* Dataset content
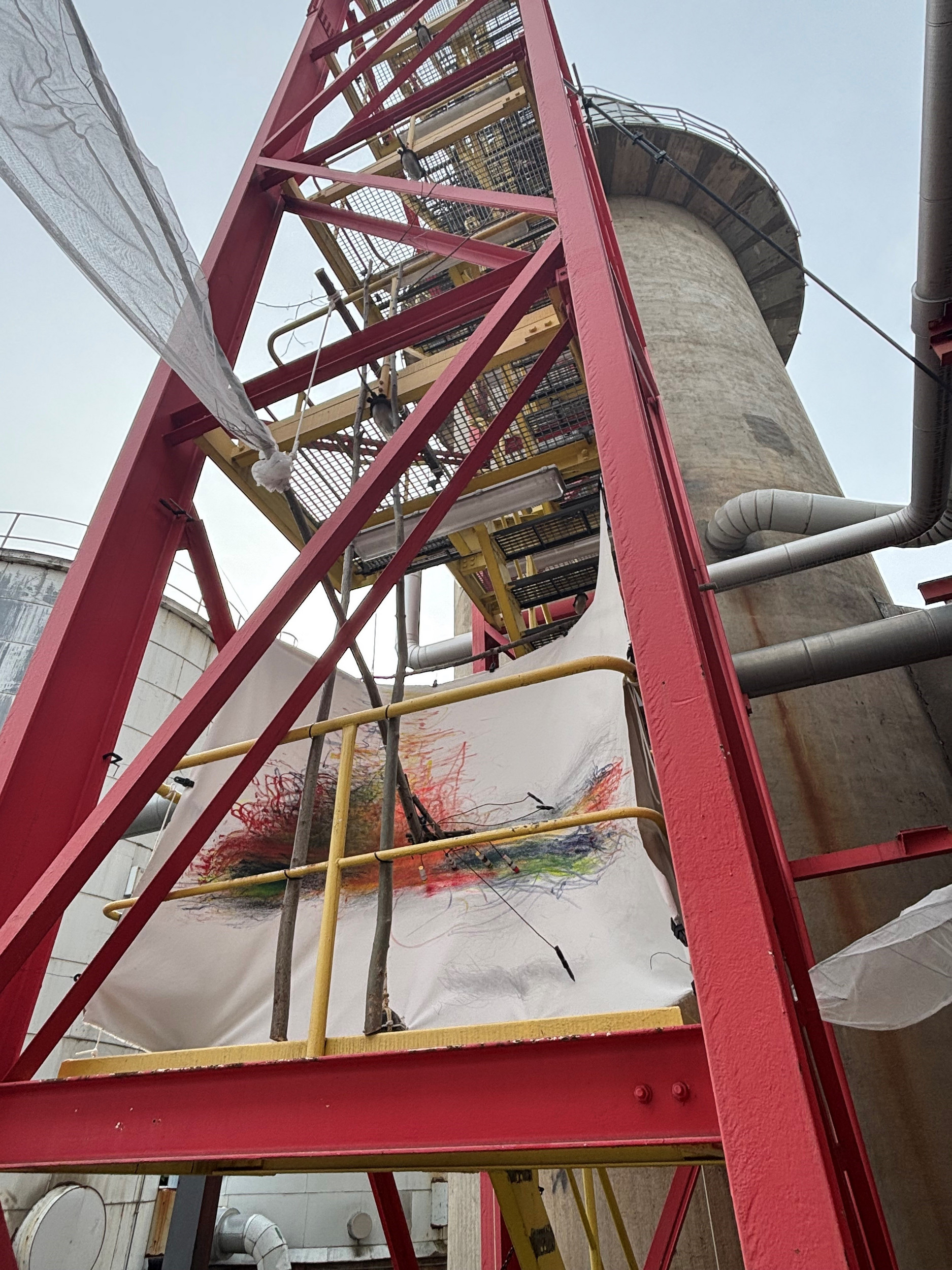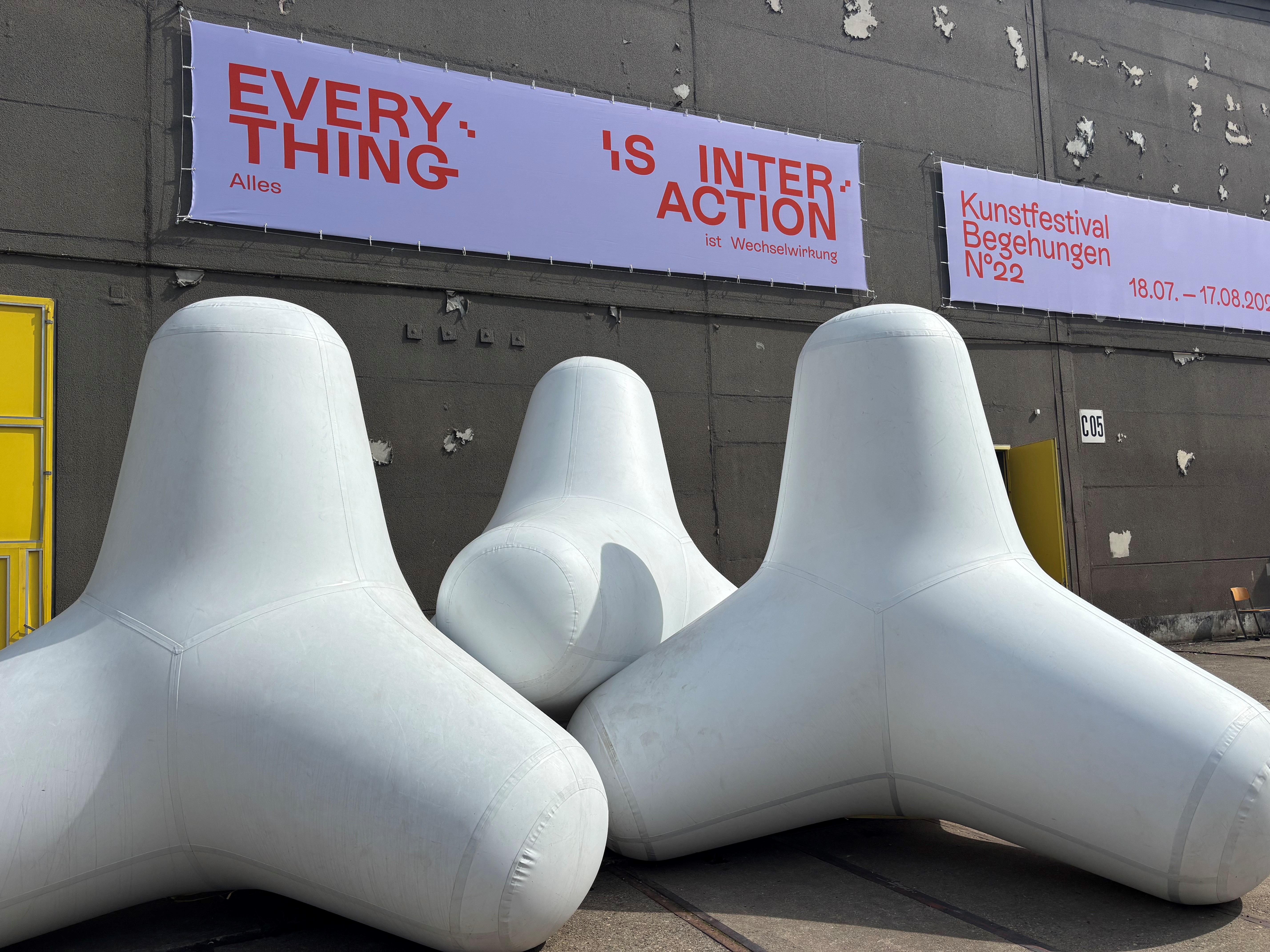 Das Kunstfestival „Begehungen“ ist nicht neu in Chemnitz, sondern bereits die 22. Ausgabe. In diesem Jahr, im Kulturhauptstadtjahr, aber besonders groß und an einem sehr bekannten und interessanten Ort der Stadt, im Heizkraftwerk Nord, zu finden. Am Fuße der bunten Esse, eines der Wahrzeichen von Chemnitz. Das Heizkraftwerk hat erst vor einem Jahr, nach dem Ende der Braunkohlenförderung, seinen Betrieb eingestellt. Ich war nicht nur auf die Ausstellungsstücke gespannt, sondern auch darauf, dieses in der Vergangenheit für die Außenwelt abgesperrte Gelände mit seinen riesigen Kühltürmen betreten zu dürfen.
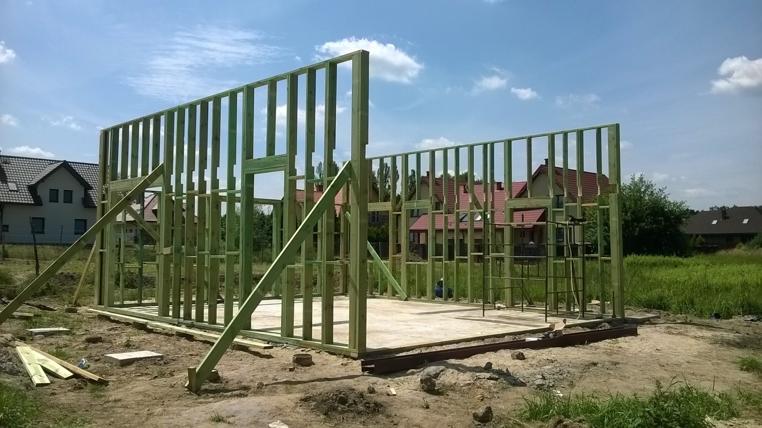 Inwestycja obejmowała wybudowanie domu szkieletowego piętrowego o metrażu 110m2 w miejscowości Mysłowice. Projekt domu zakładał 3 pokoje i 2 łazienki. Budowę domu zakończyliśmy w roku 2014 w stanie surowym otwartym. Inwestycja wzorowana na wzór projektu indywidualnego.
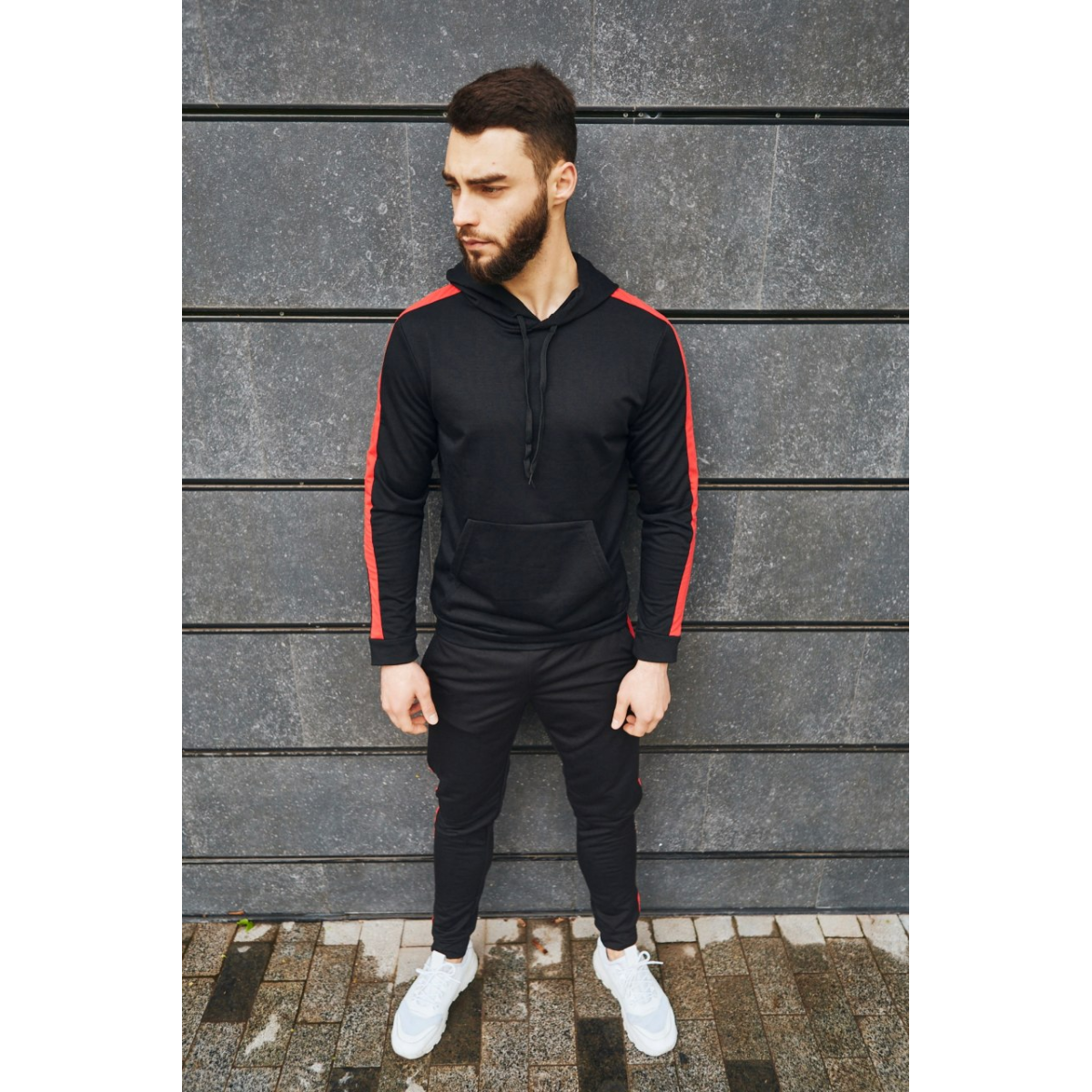 Костюм спортивний чоловічий Лампаси весна Чорно-червоний S
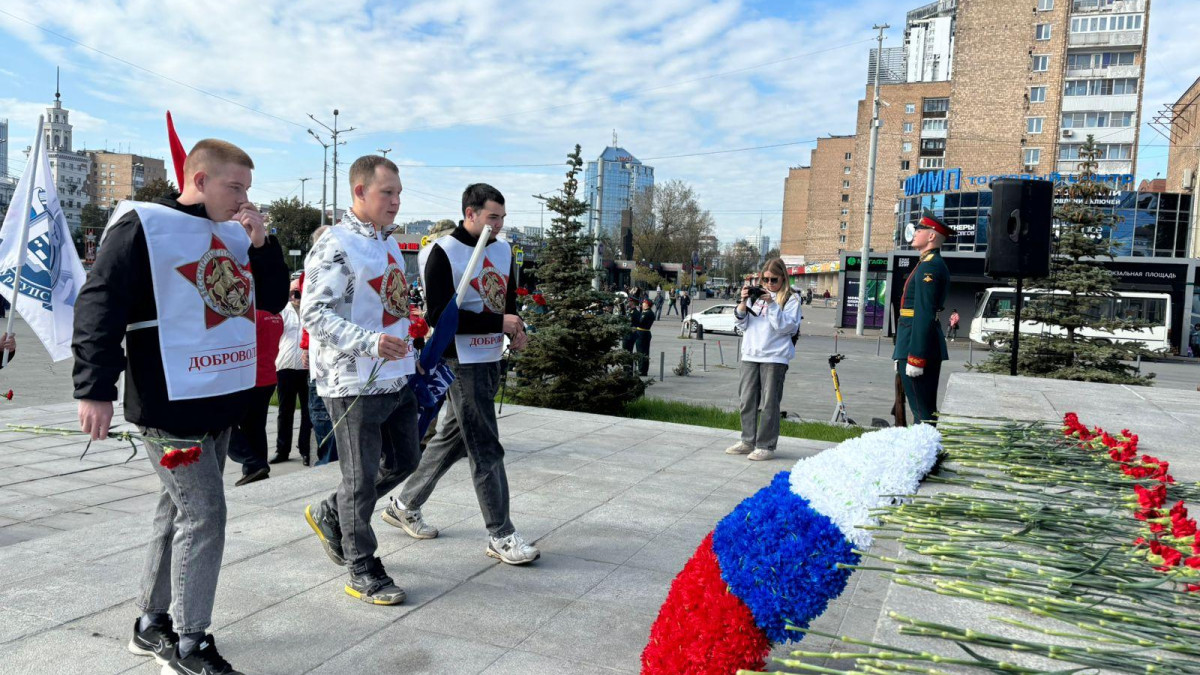 Мероприятия продолжились на Площади Советской армии, где состоялось возложение цветов к Мемориальному комплексу «Чёрный тюльпан», а также прошла концертная программа.

* Task goal
Output the listing above in full and exactly, with pictures excluded.

* Response area
 Das Kunstfestival „Begehungen“ ist nicht neu in Chemnitz, sondern bereits die 22. Ausgabe. In diesem Jahr, im Kulturhauptstadtjahr, aber besonders groß und an einem sehr bekannten und interessanten Ort der Stadt, im Heizkraftwerk Nord, zu finden. Am Fuße der bunten Esse, eines der Wahrzeichen von Chemnitz. Das Heizkraftwerk hat erst vor einem Jahr, nach dem Ende der Braunkohlenförderung, seinen Betrieb eingestellt. Ich war nicht nur auf die Ausstellungsstücke gespannt, sondern auch darauf, dieses in der Vergangenheit für die Außenwelt abgesperrte Gelände mit seinen riesigen Kühltürmen betreten zu dürfen.
 Inwestycja obejmowała wybudowanie domu szkieletowego piętrowego o metrażu 110m2 w miejscowości Mysłowice. Projekt domu zakładał 3 pokoje i 2 łazienki. Budowę domu zakończyliśmy w roku 2014 w stanie surowym otwartym. Inwestycja wzorowana na wzór projektu indywidualnego.
 Костюм спортивний чоловічий Лампаси весна Чорно-червоний S
 Мероприятия продолжились на Площади Советской армии, где состоялось возложение цветов к Мемориальному комплексу «Чёрный тюльпан», а также прошла концертная программа.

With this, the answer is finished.